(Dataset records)
=====
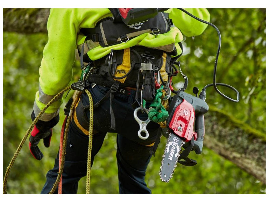 Mit der klassenbesten Handkettensäge von Cramer erhalten professionelle Anwender eine leistungsstarke und dennoch leichte Kettensäge. Mit einem Gewicht vonnur 2,1 kg ist die Cramer 82TCS15 dasleichteste Produkt auf dem Markt und bietet dank ihresleistungsstarken bürstenlosen 1,5-kW-Motors ein exzellentes Leistungs-/Gewichtsverhältnis . Seine Leistung ist vergleichbar mit 35ccm Benzinprodukten. Sie wird mit einem ergonomischen Tragegurt geliefert , der den Transport und die Aufbewahrung des Cramer 82V-Akkus erleichtert, der über ein Stromkabel mit der Kettensäge verbunden ist. Die 82TCS15 kann auch mit dem separat erhältlichen Cramer Beckengurt verwendet werden (optionales Zubehör).
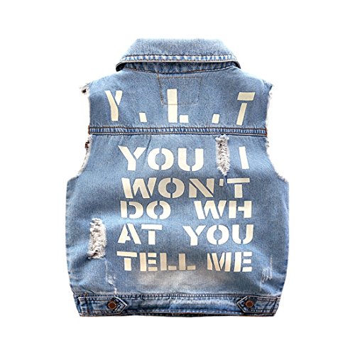 -. Binding : Apparel -. Brand : TAOJIAN -. Department : baby-girls -. Feature : Little Boys Girls Ripped Denim Sleeveless Vest,Material: Cotton Denim Blend and Soft and Comfortable to Wear / Kids Boys Girls Sleeveless Denim Vest. High quality and 100% New Brand / Hand washing & Machine Washing and Hand wash is highly recommended / Season: Summer SP.R.Ing,Autumn.Best Gift for Baby boys and girls.Soft and breathable fabric / Cute Cartoon Design, make baby more adorable, So many Cartoon Baby Boys and Girls T-shirt in our Shop -. ProductGroup : Apparel -. ProductTypeName : OUTERWEAR -. Title : Baby Boy’s Girl's Ripped Denim Letters P.R.Inted Sleeveless Vest
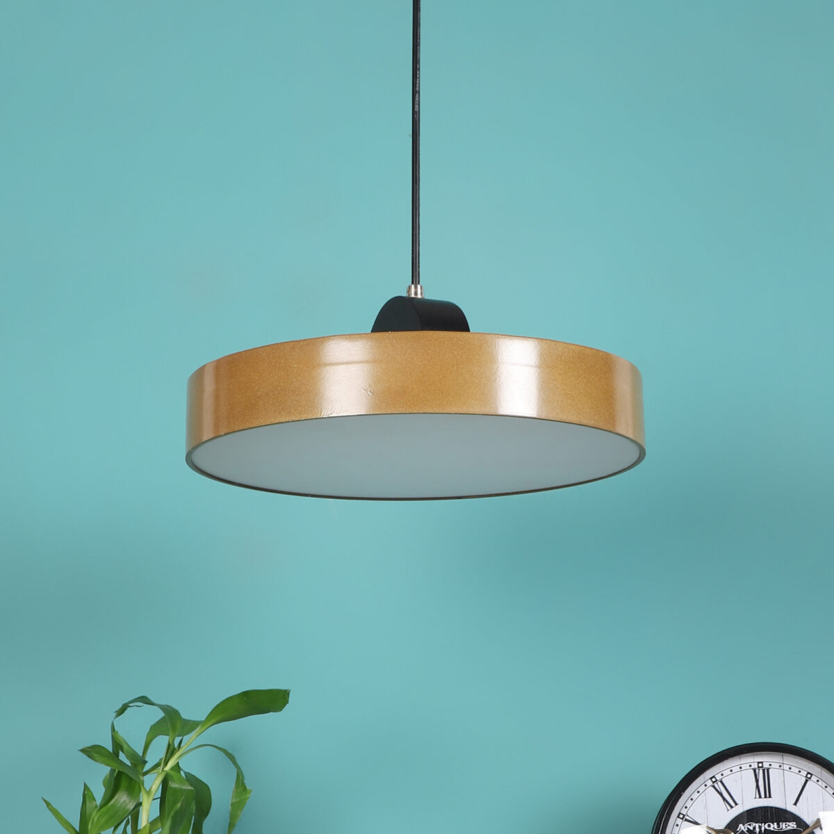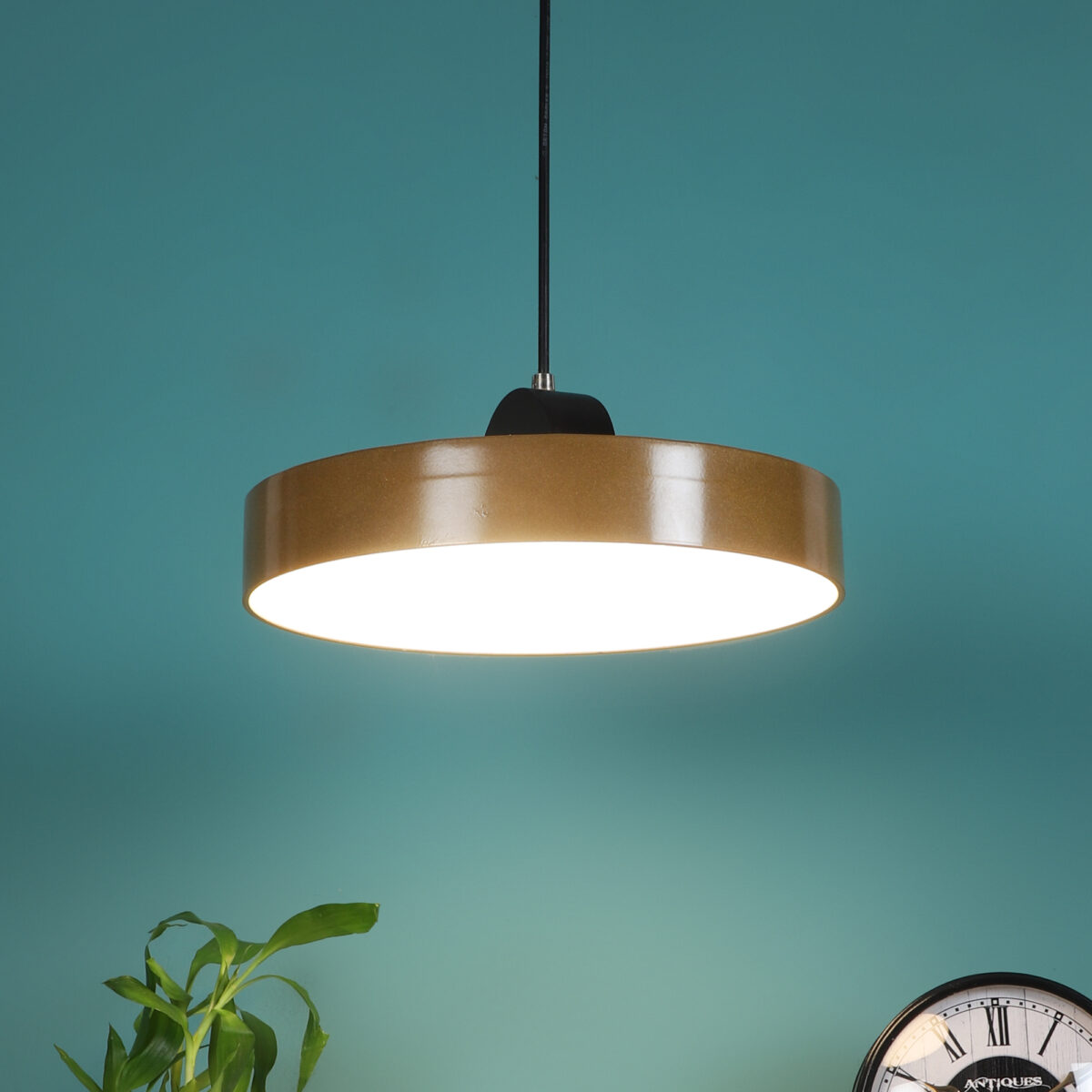 Exclusive gold powder coated modern, LED hanging light having high quality LED and branded LED driver having yellow light output. The suspension can be adjusted at time of installation to the desired height. Application includes both residential and comercial premises wherever it matches with your interiors. Can be customised as per requirement in terms of body colour, colour of light output and wattage.
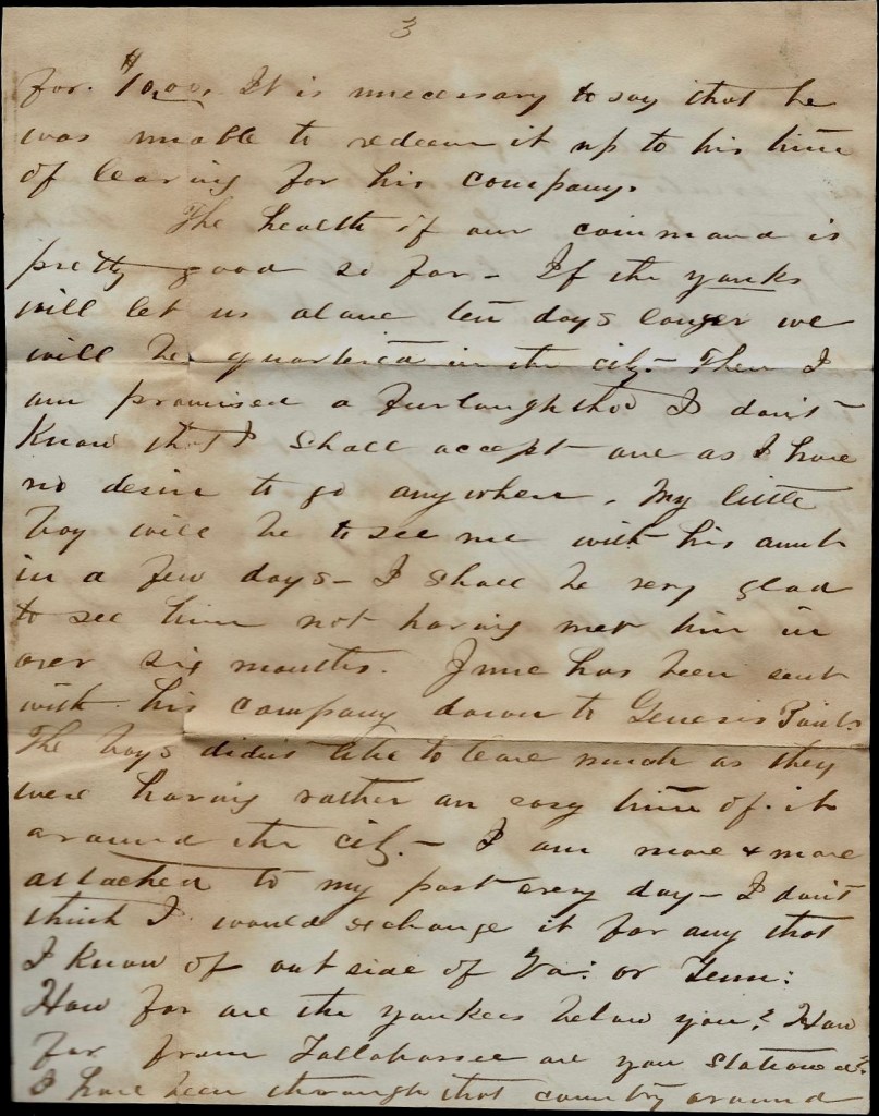 I am more and more attached to my post everyday. I don’t think I would exchange it for any that I know of outside of Virginia or Tennessee. How far are the Yankees below you? How far from Tallahassee are you stationed? I have been through that country around Tallahassee a great deal. Write me a long letter & give me a history of any events that may transpire in your travels.
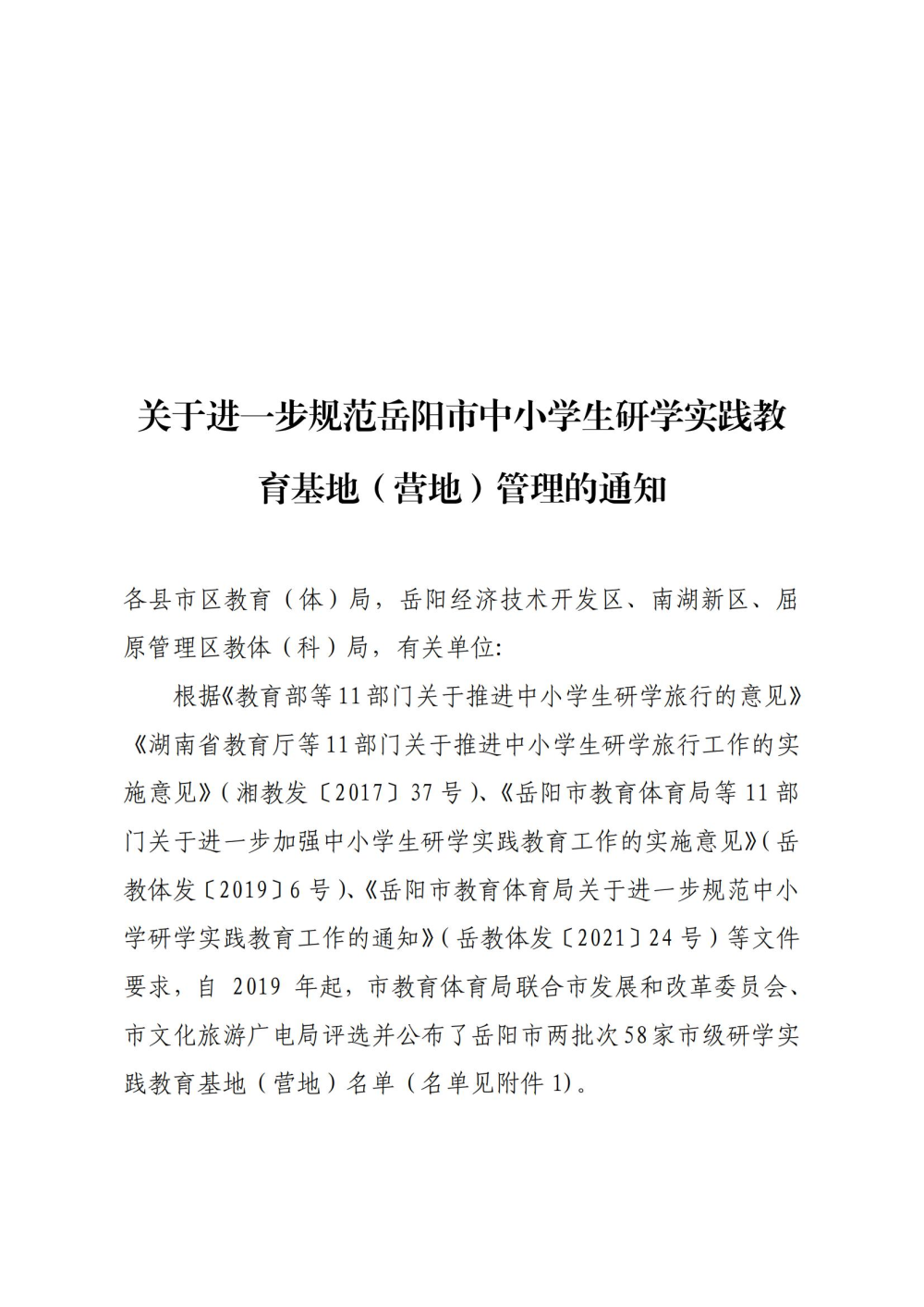 关于进一步规范岳阳市中小学生研学实践教育基地(营地)管理的通知
=====
- **Exercise**
Output, exactly, all the records above; include no pictures.

- **Exercise response**
 Mit der klassenbesten Handkettensäge von Cramer erhalten professionelle Anwender eine leistungsstarke und dennoch leichte Kettensäge. Mit einem Gewicht vonnur 2,1 kg ist die Cramer 82TCS15 dasleichteste Produkt auf dem Markt und bietet dank ihresleistungsstarken bürstenlosen 1,5-kW-Motors ein exzellentes Leistungs-/Gewichtsverhältnis . Seine Leistung ist vergleichbar mit 35ccm Benzinprodukten. Sie wird mit einem ergonomischen Tragegurt geliefert , der den Transport und die Aufbewahrung des Cramer 82V-Akkus erleichtert, der über ein Stromkabel mit der Kettensäge verbunden ist. Die 82TCS15 kann auch mit dem separat erhältlichen Cramer Beckengurt verwendet werden (optionales Zubehör).
 -. Binding : Apparel -. Brand : TAOJIAN -. Department : baby-girls -. Feature : Little Boys Girls Ripped Denim Sleeveless Vest,Material: Cotton Denim Blend and Soft and Comfortable to Wear / Kids Boys Girls Sleeveless Denim Vest. High quality and 100% New Brand / Hand washing & Machine Washing and Hand wash is highly recommended / Season: Summer SP.R.Ing,Autumn.Best Gift for Baby boys and girls.Soft and breathable fabric / Cute Cartoon Design, make baby more adorable, So many Cartoon Baby Boys and Girls T-shirt in our Shop -. ProductGroup : Apparel -. ProductTypeName : OUTERWEAR -. Title : Baby Boy’s Girl's Ripped Denim Letters P.R.Inted Sleeveless Vest
 Exclusive gold powder coated modern, LED hanging light having high quality LED and branded LED driver having yellow light output. The suspension can be adjusted at time of installation to the desired height. Application includes both residential and comercial premises wherever it matches with your interiors. Can be customised as per requirement in terms of body colour, colour of light output and wattage.
 I am more and more attached to my post everyday. I don’t think I would exchange it for any that I know of outside of Virginia or Tennessee. How far are the Yankees below you? How far from Tallahassee are you stationed? I have been through that country around Tallahassee a great deal. Write me a long letter & give me a history of any events that may transpire in your travels.
 关于进一步规范岳阳市中小学生研学实践教育基地(营地)管理的通知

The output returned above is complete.